Good job Jiatao! I appreciate your support to the community!
JiaTao Tao <ta...@gmail.com> 于2018年11月7日周三 上午9:17写道:
> Very glad that my reply is helpful, I already opened a JIRA to add logs
> for "*GTStreamAggregateScanner*" and next time it would be much easier to
> navigate this :).
>
> cheney <53...@qq.com> 于2018年11月6日周二 下午11:57写道:
>
>> Hi, JiaTao, thank you very much! The statis is right when I config "kylin.query.stream-aggregate-enabled=false".

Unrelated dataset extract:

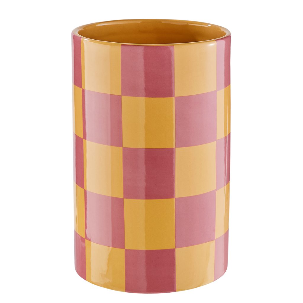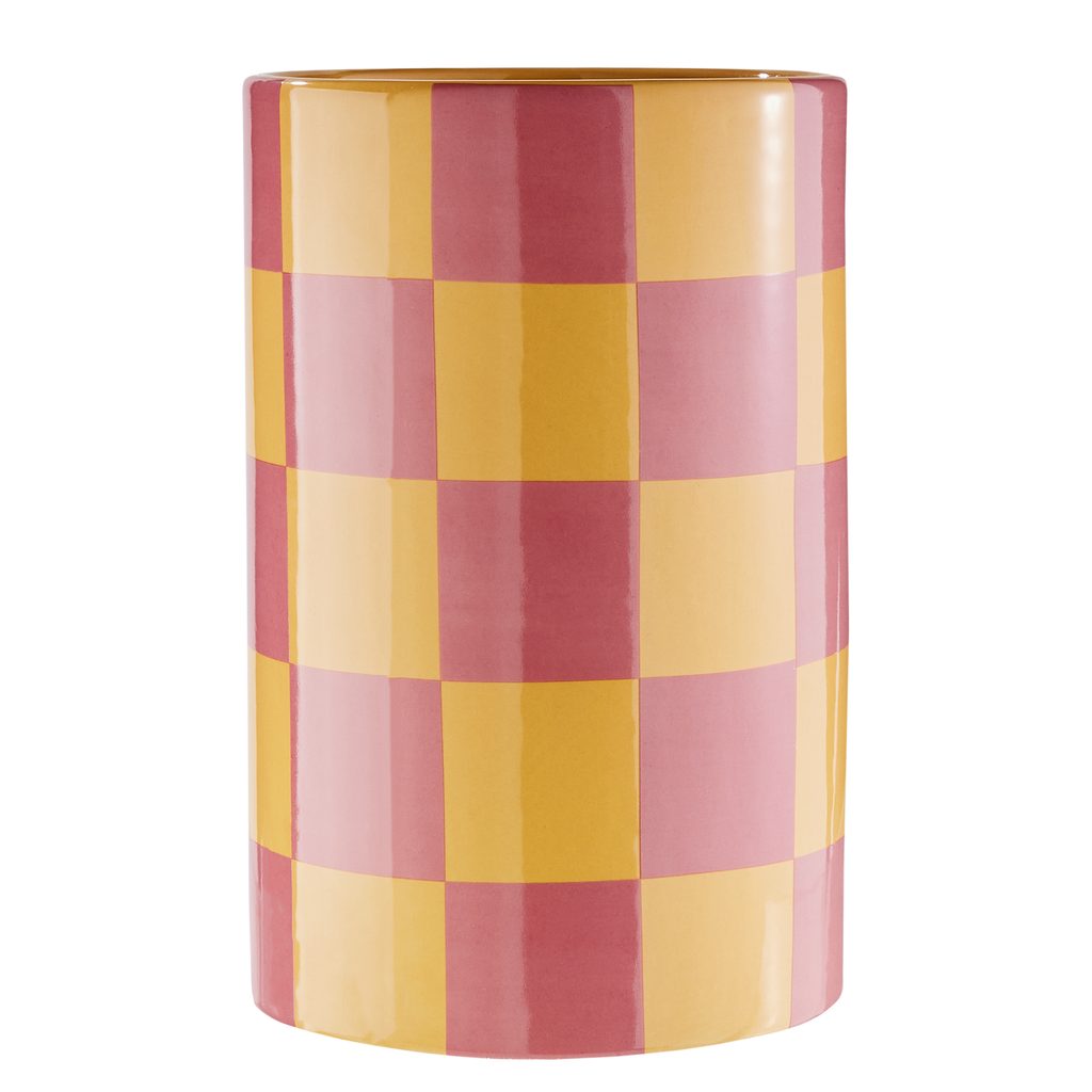 A CHECKER kerámia váza modern, karakteres darab, amelyet a sárga - és rózsaszín árnyalatokból álló, látványos sakktáblaminta tesz igazán különlegessé. Játékos megjelenése letisztult formával párosul, így egyszerre hat frissnek, kreatívnak és kortársnak. Akár virágokkal töltöd meg, akár önmagában állítod ki, garantáltan magára vonzza a tekintetet. Tökéletes választás komódokra, asztalokra vagy polcokra, és mindenkinek ajánlott, aki szereti a merész színeket és az egyedi dizájnt.

>> You are right. Records are pre-aggregated by GTStreamAggregateScanner.
>>
>>
>> ------------------ 原始邮件 ------------------
>> *发件人:* "JiaTao Tao"<ta...@gmail.com>;
>> *发送时间:* 2018年11月6日(星期二) 晚上10:50
>> *收件人:* "user"<us...@kylin.apache.org>;
>> *主题:* Re: doubt about measure of processedRowCount
>>
>> One possible place I can find in the code is using
>> *GTStreamAggregateScanne*r (in "*SegmentCubeTupleIterator.java#111"*).
>> You can find it does do aggregate in
>> *"GTStreamAggregateScanner.AbstractStreamMergeIterator#next*" so it'll
>> reduce the inputs. But there's no log printing in this class as you can
>> see, so it's pretty hard to confirm. Try
>> "kylin.query.stream-aggregate-enabled=false" and run the scenario again to
>> see any differences.
>>
>> cheney <53...@qq.com> 于2018年11月5日周一 下午6:55写道:
>>
>>> Yes. the log is as following.
>>>
>>> 2018-11-02 22:25:34,980 DEBUG [Query
>>> 03ea4f21-29ed-4b74-8faa-c57ecd44f412-198914]
>>> gtrecord.StorageResponseGTScatter:88 : Using
>>> SortMergedPartitionResultIterator to merge 103 partition results
>>> 2018-11-02 22:25:34,982 INFO [Query
>>> 03ea4f21-29ed-4b74-8faa-c57ecd44f412-198914]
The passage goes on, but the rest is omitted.